# Missouri Style BBQ Sauce



## puff (Jan 20, 2013)

Hay guys Im looking for a Missouri style BBQ sauce any one got a good one.


----------



## hambone1950 (Jan 21, 2013)

Missouri Style Barbeque Sauce
Author: Sue Minick
Prep time: 10 minutesCook time: 10 minutesServes: 8
This is the basting sauce for a Missouri style grilling.

Ingredients

Basting Sauce
1 cup White Vinegar
2 cups Water
2 tablespoons Worcestershire Sauce
1 teaspoon Red Pepper
1/2 cup Butter
Cook until mixed. Use as a baking sauce for chicken or pork steak until nearly cooked. Then use the finishing sauce for the last part of the cooking.
Finishing Sauce
1 1/2 cup Butter
1 tablespoon Tabasco Sauce
2/3 cup Worcestershire Sauce
2 cup Catsup
2/3 cup White Vinegar
1 large onion, diced
1 teaspoon Salt
1/2 teaspoon Pepper
1 Garlic Bud, chopped
2 teaspoon Chili Powder
Instructions

Combine all ingredients and cool until slightly thick.
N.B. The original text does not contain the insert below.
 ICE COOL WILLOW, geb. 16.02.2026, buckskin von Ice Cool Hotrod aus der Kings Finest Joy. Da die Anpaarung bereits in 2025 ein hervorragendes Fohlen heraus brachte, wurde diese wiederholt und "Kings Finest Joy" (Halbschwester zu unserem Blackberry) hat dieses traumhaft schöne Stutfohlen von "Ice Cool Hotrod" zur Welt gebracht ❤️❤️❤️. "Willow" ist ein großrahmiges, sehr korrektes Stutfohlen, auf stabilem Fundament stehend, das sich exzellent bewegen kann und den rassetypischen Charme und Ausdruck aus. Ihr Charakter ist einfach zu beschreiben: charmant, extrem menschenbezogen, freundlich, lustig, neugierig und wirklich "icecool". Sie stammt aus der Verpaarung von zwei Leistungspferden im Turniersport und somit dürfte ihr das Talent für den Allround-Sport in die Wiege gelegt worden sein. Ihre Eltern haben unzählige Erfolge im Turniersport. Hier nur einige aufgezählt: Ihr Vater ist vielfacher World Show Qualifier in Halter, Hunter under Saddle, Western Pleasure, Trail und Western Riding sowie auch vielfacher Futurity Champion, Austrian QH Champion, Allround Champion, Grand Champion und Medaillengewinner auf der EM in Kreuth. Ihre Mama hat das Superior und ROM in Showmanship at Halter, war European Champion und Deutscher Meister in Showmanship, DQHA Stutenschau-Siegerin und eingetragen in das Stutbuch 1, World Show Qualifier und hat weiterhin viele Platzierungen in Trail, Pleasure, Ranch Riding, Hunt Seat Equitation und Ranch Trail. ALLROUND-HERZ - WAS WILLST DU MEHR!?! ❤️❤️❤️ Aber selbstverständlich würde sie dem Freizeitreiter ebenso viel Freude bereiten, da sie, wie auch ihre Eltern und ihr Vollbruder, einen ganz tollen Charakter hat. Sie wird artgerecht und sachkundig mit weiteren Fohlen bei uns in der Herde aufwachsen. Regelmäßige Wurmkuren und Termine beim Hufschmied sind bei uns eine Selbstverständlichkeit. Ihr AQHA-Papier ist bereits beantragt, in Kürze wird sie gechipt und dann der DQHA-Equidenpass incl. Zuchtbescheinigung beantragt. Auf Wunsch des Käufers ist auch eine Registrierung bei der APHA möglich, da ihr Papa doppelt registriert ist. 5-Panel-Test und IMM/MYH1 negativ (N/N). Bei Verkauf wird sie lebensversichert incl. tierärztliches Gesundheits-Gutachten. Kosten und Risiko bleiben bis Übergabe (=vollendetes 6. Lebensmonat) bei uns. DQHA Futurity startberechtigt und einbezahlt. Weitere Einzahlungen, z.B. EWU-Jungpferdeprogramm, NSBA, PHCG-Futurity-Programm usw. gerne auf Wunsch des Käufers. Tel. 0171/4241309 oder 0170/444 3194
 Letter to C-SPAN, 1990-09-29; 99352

Use during the last part of cooking the meat.


----------



## chef jimmyj (Jan 21, 2013)

Not my taste, too vinegary, but does sound interesting...JJ


----------



## smokeamotive (Jan 21, 2013)

Chef JimmyJ said:


> Not my taste, too vinegary, but does sound interesting...JJ


Like Chef Jimmy says.......too vinegary. We don't use that much vinegar in sauces around here.Maybe a couple of TBS's.
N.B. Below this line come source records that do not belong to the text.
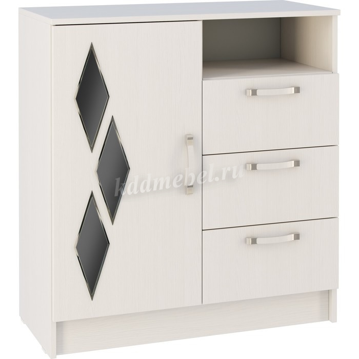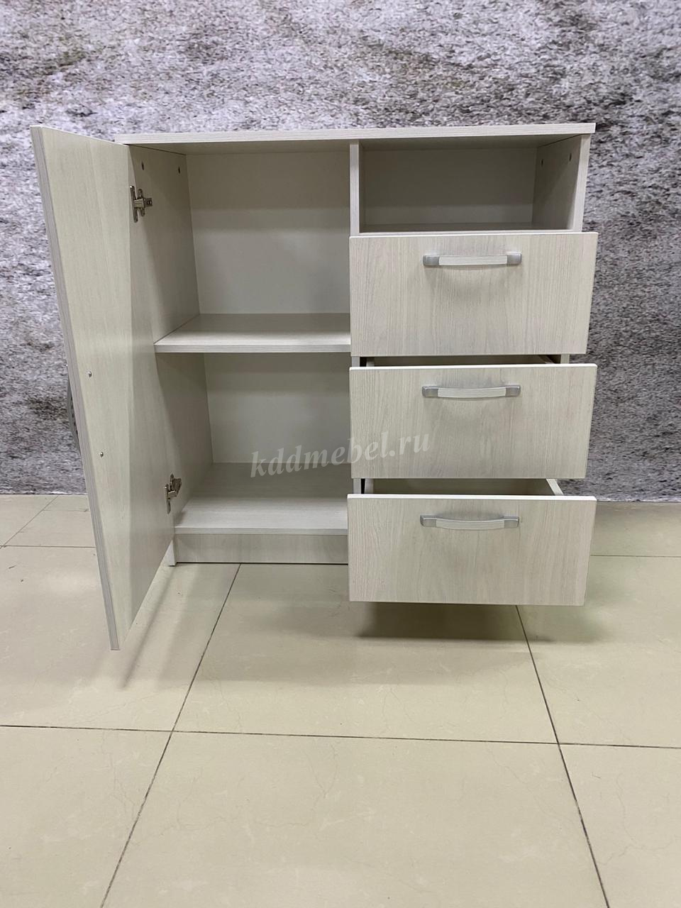 Дно ящиков и задние стенки изделий выполнены из облагороженного ЛДВП белого цвета.
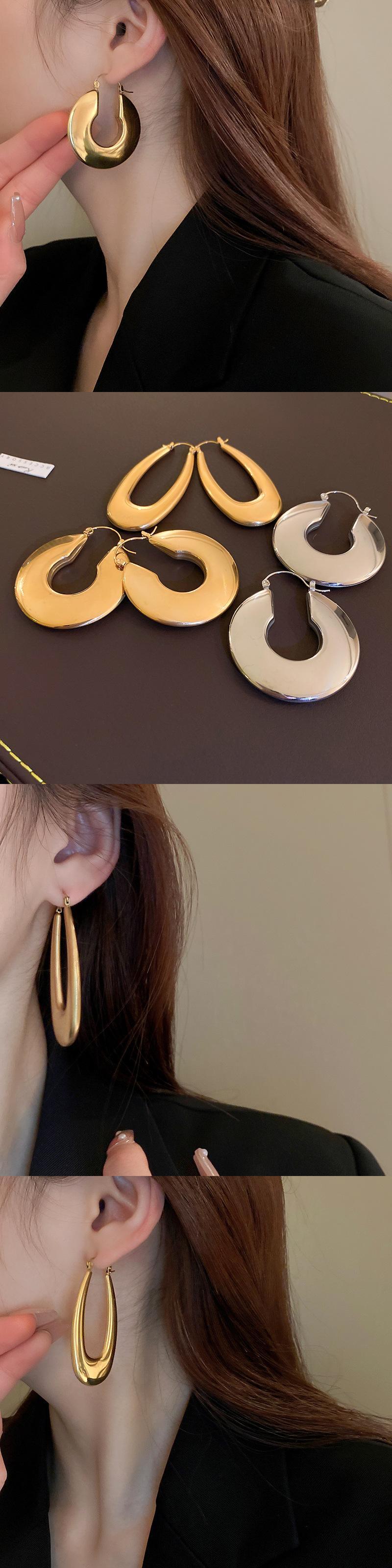 送料無料 KAITIN チタン鋼 U 字型イヤリング女性パーソナライズされた気質誇張フープイヤリングジュエリーパーティーギフト 指輪 AE88788733107010264
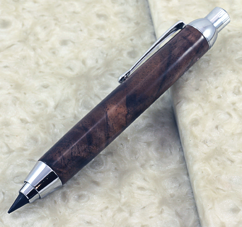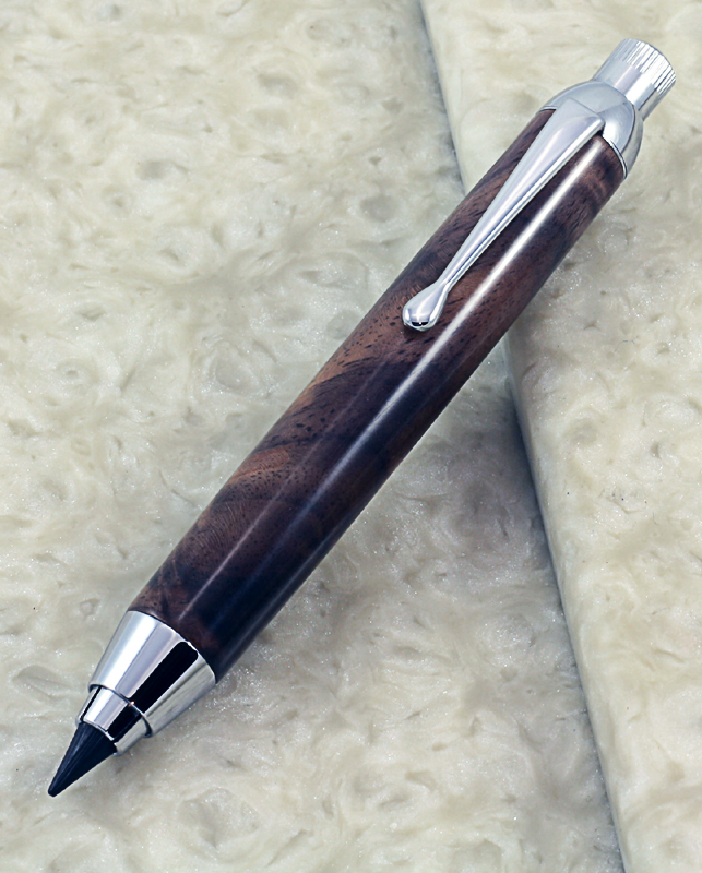 My Brother-In-Law is a cabinet maker. Occasionally he throws some scraps my way. He recently gave me a piece of nicely figured walnut. I decided to give some of it back to him in the form of a shop pencil. I'd never done one of these before so I TBC with no bushings. Finished with CA. I wish I could ge better pictures. These do not do the timber justice.

But you didn't state whether you wanted a recipe or a prepared sauce?


----------



## cliffcarter (Jan 21, 2013)

Hambone1950 said:


> Missouri Style Barbeque Sauce
> Author: Sue Minick
> Prep time: 10 minutesCook time: 10 minutesServes: 8
> This is the basting sauce for a Missouri style grilling.
> ...


You should always include the link back to the site where you found the recipe to properly credit your source-

This is where I found the recipe that you posted-

http://www.copykat.com/2009/05/03/missouri-style-bbq-sauce/


----------



## hambone1950 (Jan 22, 2013)

cliffcarter said:


> You should always include the link back to the site where you found the recipe to properly credit your source-
> This is where I found the recipe that you posted-
> http://www.copykat.com/2009/05/03/missouri-style-bbq-sauce/



Thanks for the lesson in Internet etiquette , I am old enough to think that crediting the author of the recipe was sufficient


----------



## puff (Jan 22, 2013)

Hambone1950 said:


> Missouri Style Barbeque Sauce
> Author: Sue Minick
> Prep time: 10 minutesCook time: 10 minutesServes: 8
> This is the basting sauce for a Missouri style grilling.
> ...


Im looking for one that is sweet and has a little bit of heat behind it.


----------



## bama bbq (Jan 22, 2013)

Hambone1950 said:


> Thanks for the lesson in Internet etiquette , I am old enough to think that crediting the author of the recipe was sufficient


You're fine with the author.  Most folks don't cite a source at all.


----------